■ Exercise prompt: Nothing but the text should be carried over: reproduce all the data exactly and leave out every image.

■ Dataset content:

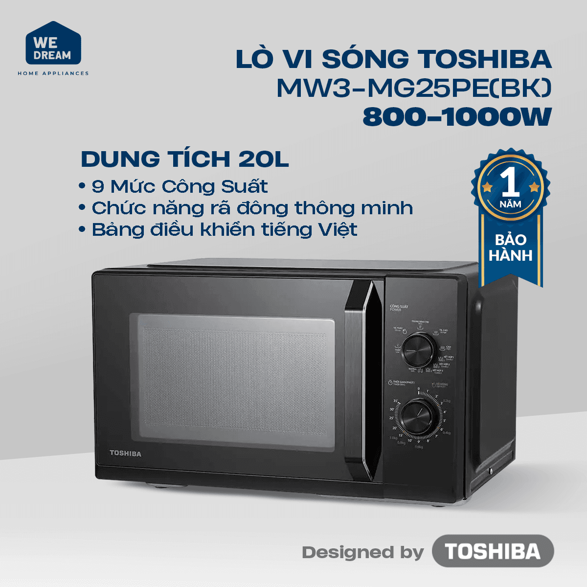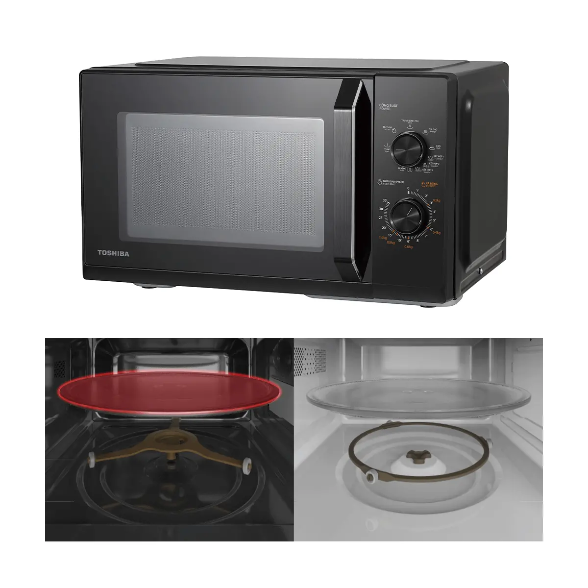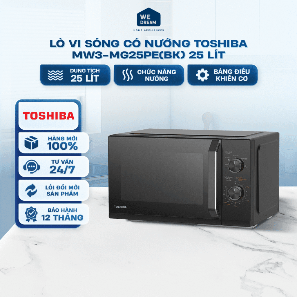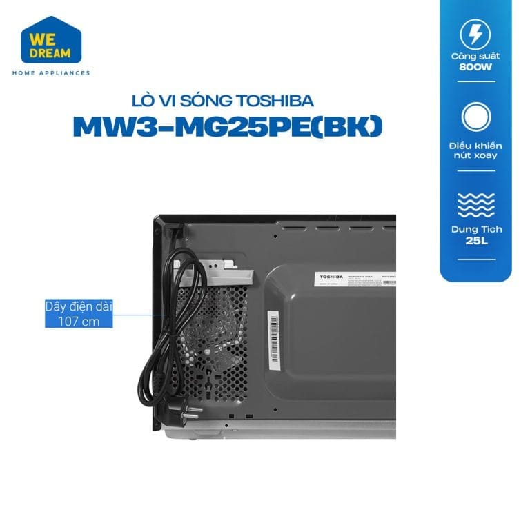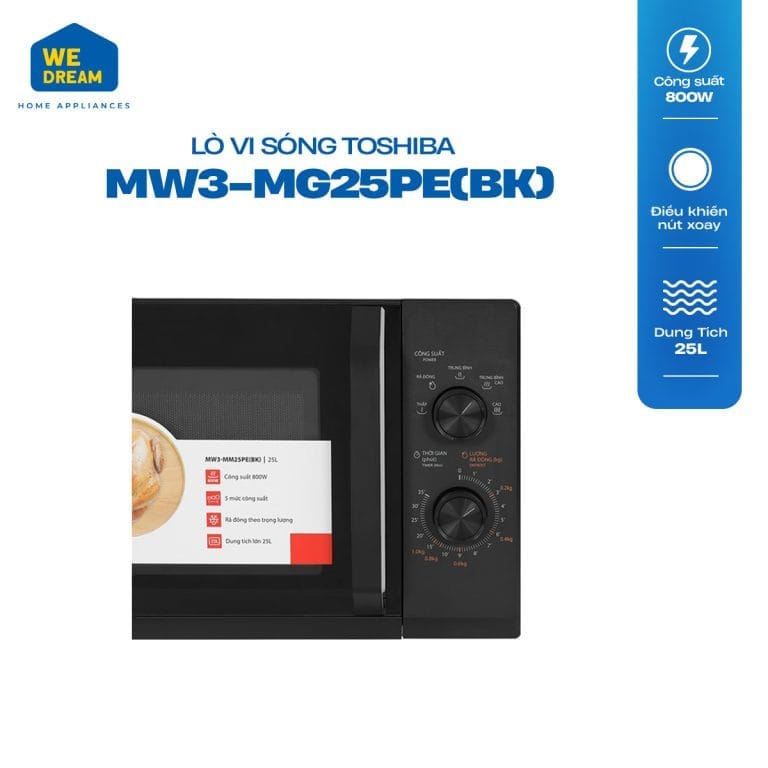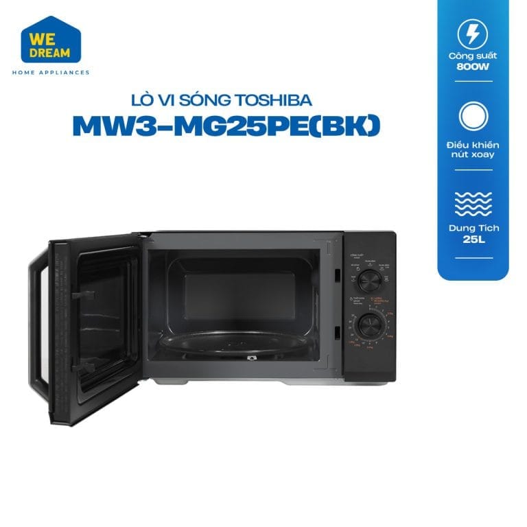 Công suất vi sóng 800W, công suất nướng 1000W cho phép lò vi sóng Toshiba MW3-MG25PE(BK) chế biến đa dạng các món ăn phù hợp mọi nhu cầu ẩm thực gia đình.
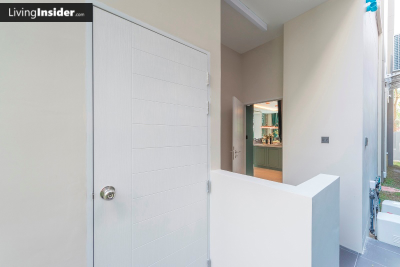 แน่นอนครับ บ้านระดับนี้ต้องมี maid แน่นอน โดยถัดจากครัวไทยจะเห็นว่ามีประตูห้องอยู่ ห้องนี้เป็นส่วนของห้อง maid ซึ่งจะมีห้องน้ำในตัว ดูจากขนาดห้องแล้ว ถ้า maid มีของไม่เยอะก็อยู่กันได้ถึง 2 คนแบบเบียดๆหน่อย แต่ถ้าเอาสบายๆคนนึงก็กำลังดี
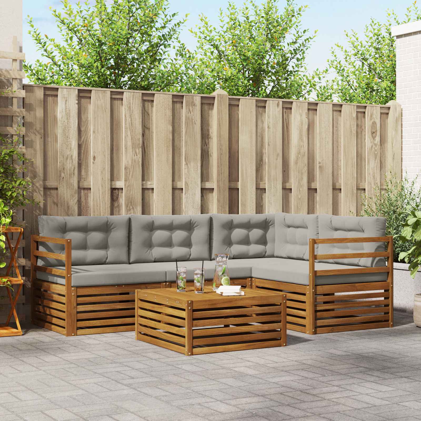 Setul ăsta de mobilier pentru exterior combină stilul și funcționalitatea, creând un punct focal strălucitor pentru orice grădină sau terasă. Designul lui modern, cu linii clare și detalii subtile, adaugă eleganță în timp ce încurajează relaxarea și întâlnirile sociale afară. E făcut din lemn de acacia masiv, care asigură durabilitate și un aspect plăcut pe termen lung, fiind ideal pentru cei care caută atât practicitate, cât și un design sofisticat pentru mobilierul de exterior.

■ Result of the task:
 Công suất vi sóng 800W, công suất nướng 1000W cho phép lò vi sóng Toshiba MW3-MG25PE(BK) chế biến đa dạng các món ăn phù hợp mọi nhu cầu ẩm thực gia đình.
 แน่นอนครับ บ้านระดับนี้ต้องมี maid แน่นอน โดยถัดจากครัวไทยจะเห็นว่ามีประตูห้องอยู่ ห้องนี้เป็นส่วนของห้อง maid ซึ่งจะมีห้องน้ำในตัว ดูจากขนาดห้องแล้ว ถ้า maid มีของไม่เยอะก็อยู่กันได้ถึง 2 คนแบบเบียดๆหน่อย แต่ถ้าเอาสบายๆคนนึงก็กำลังดี
 Setul ăsta de mobilier pentru exterior combină stilul și funcționalitatea, creând un punct focal strălucitor pentru orice grădină sau terasă. Designul lui modern, cu linii clare și detalii subtile, adaugă eleganță în timp ce încurajează relaxarea și întâlnirile sociale afară. E făcut din lemn de acacia masiv, care asigură durabilitate și un aspect plăcut pe termen lung, fiind ideal pentru cei care caută atât practicitate, cât și un design sofisticat pentru mobilierul de exterior.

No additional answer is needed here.